Hello,
Thanks for your answers.
My payload is not encoded in UTF8, it can contain some non printable
characters, new lines and it may contain bytes that are not valid in UTF8.
An the latter should be my case.
I have tried with regexp_matches:
SELECT * FROM `dfs`.`myfile.avro` WHERE regexp_matches(payload,
'(?s).*abcd.*');
but I have the same problem, and I have the same error if I do, obviously,
SELECT CAST(payload as VARCHAR) FROM `dfs`.`myfile.avro`;
So, I implemented an UDF function to convert the bytes into a hex encoded
string
public class AsciiStringBinaryFunc {
// Converts a varbinary type into a hex encoded string.
// (byte[]) {(byte)0xca, (byte)0xfe, (byte)0xba, (byte)0xbe} =>
"\xca\xfe\xba\xbe"
@FunctionTemplate(name = "ascii_string_binary", scope =
FunctionScope.SIMPLE, nulls = NullHandling.NULL_IF_NULL)
public static class StringBinary implements DrillSimpleFunc {
@Param VarBinaryHolder in;
@Output VarCharHolder out;
@Workspace Charset charset;
@Inject DrillBuf buffer;
@Override
public void setup() {
charset = java.nio.charset.Charset.forName("US-ASCII");
}
@Override
public void eval() {
byte[] buf =
org.apache.drill.common.util.DrillStringUtils.toBinaryString(in.buffer,
in.start, in.end).getBytes(charset);
buffer.setBytes(0, buf);
buffer.setIndex(0, buf.length);
out.start = 0;
out.end = buf.length;
out.buffer = buffer;
}
}
}
but then, I have a new problem
SELECT ascii_string_binary(payload) FROM `dfs`.`myfile.avro` LIMIT 1;
Error: SYSTEM ERROR: IndexOutOfBoundsException: index: 0, length: 3484
(expected: range(0, 256))
Fragment 0:0
[Error Id: d0ab90d6-8b2a-4200-8809-534138c217fb on maprdemo:31010]
(state=,code=0)
knowing that
SELECT length(payload) FROM `dfs`.`myfile.avro` LIMIT 1;
+---------+
| EXPR$0 |
+---------+
| 3484 |
+---------+
Thanks a lot for your help,
Franca
On Sat, Apr 29, 2017 at 12:13 AM, Jinfeng Ni <[email protected]> wrote:
> The error seems to indicated 'PAYLOAD' does not contain UTF8-encoded
> bytes.

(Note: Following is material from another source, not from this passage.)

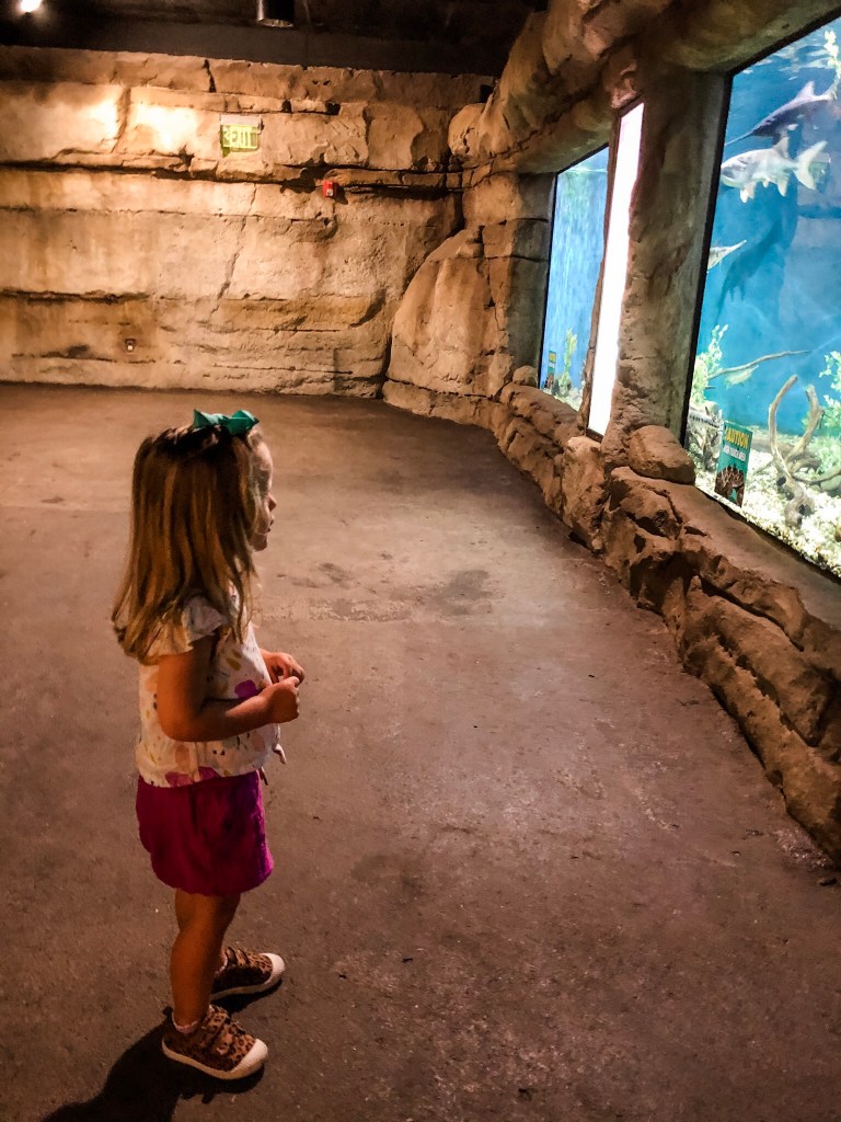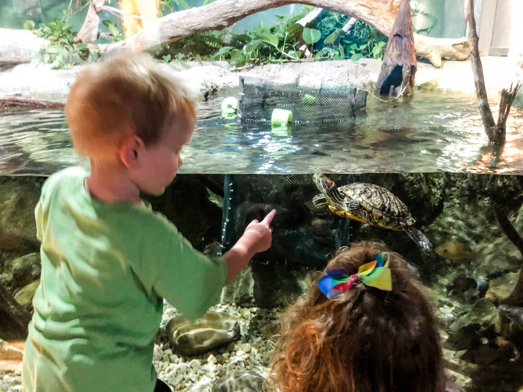 It started raining then pouring. and it didn’t stop pouring. We all ran under a giant ramada and had an early lunch, but the rain didn’t lighten up. So we dashed to the indoor aquarium exhibit. We were all wet wet wet. There is one tank that is just filled with fish from Finding Nemo. It’s really fun. Though the Nemo fish (clown fish) actually is quite hard to find as it hides behind the large rocks in the back of the tank most of the time. So Hazel was trying to convince it to come out, “Hey little Nemo fish, you can come out. It’s not scary. We are nice.”

The like function is a string function, and it only accepts
> varchar/char type, which assumes inputs are UTF8 bytes.
>
> You may consider implementing a Drill UDF 'blike" which works similar
> to string function 'like', but could operate on non-UTF8 bytes.
>
> On Fri, Apr 28, 2017 at 3:02 PM, Boaz Ben-Zvi <[email protected]> wrote:
> > Hi Franca,
> >
> > This issue is specific to the “bytes” type; for other Avro types the
> LIKE clause matches the printed representation, like:
> >
> > select * from dfs.`/data/avro/twitter.snappy.avro` where `timestamp`
> like '%66%';
> > +-------------+--------------------------------------+-------------+
> > | username | tweet | timestamp |
> > +-------------+--------------------------------------+-------------+
> > | miguno | Rock: Nerf paper, scissors is fine. | 1366150681 |
> > | BlizzardCS | Works as intended. Terran is IMBA. | 1366154481 |
> > +-------------+--------------------------------------+-------------+
> >
> > Can you share some sample avro file with “bytes” type? (I couldn’t find
> any such sample online) Maybe we’ll need to open a Jira for this case …
> >
> > Thanks,
> >
> > -- Boaz
> >
> > On 4/25/17, 8:45 AM, "franca perrina" <[email protected]> wrote:
> >
> > Hi,
> >
> > I would like to use Drill to query data formatted in avro.
> >
> > My avro schema looks like
> >
> > ..
> > {"name":"payload",
> > "type":"bytes"}
> > ..
> >
> > and the result to the query
> >
> > SELECT payload FROM `dfs`.`myfile.avro` LIMIT 1
> >
> > looks like:
> >
> > +-----------------+
> > | payload |
> > +-----------------+
> > | [B@3b8e004e |
> > +-----------------+
> >
> >
> > My problem is that when I run a query like:
> >
> > SELECT * FROM `dfs`.`myfile.avro` WHERE `PAYLOAD` LIKE '%abcd%'
> >
> > then I have
> > org.apache.drill.common.exceptions.UserRemoteException: SYSTEM
> ERROR:
> > DrillRuntimeException: Unexpected byte 0xfd at position 1008556
> encountered
> > while decoding UTF8 string. Fragment 0:0 [Error Id:
> > 0c247c14-0e51-402c-ad9a-411cbc445597
> > on maprdemo:31010]
> >
> > It seems like drill tries to decode the payload's bytes to UTF8.
> >
> > What I would need is a grep like behaviour, where my payload data is
> > considered as is, i.e. binary data, and it is not converted to a
> string
> > data type.
> >
> > Thanks a lot for your help.
> > franca
> >
> >
>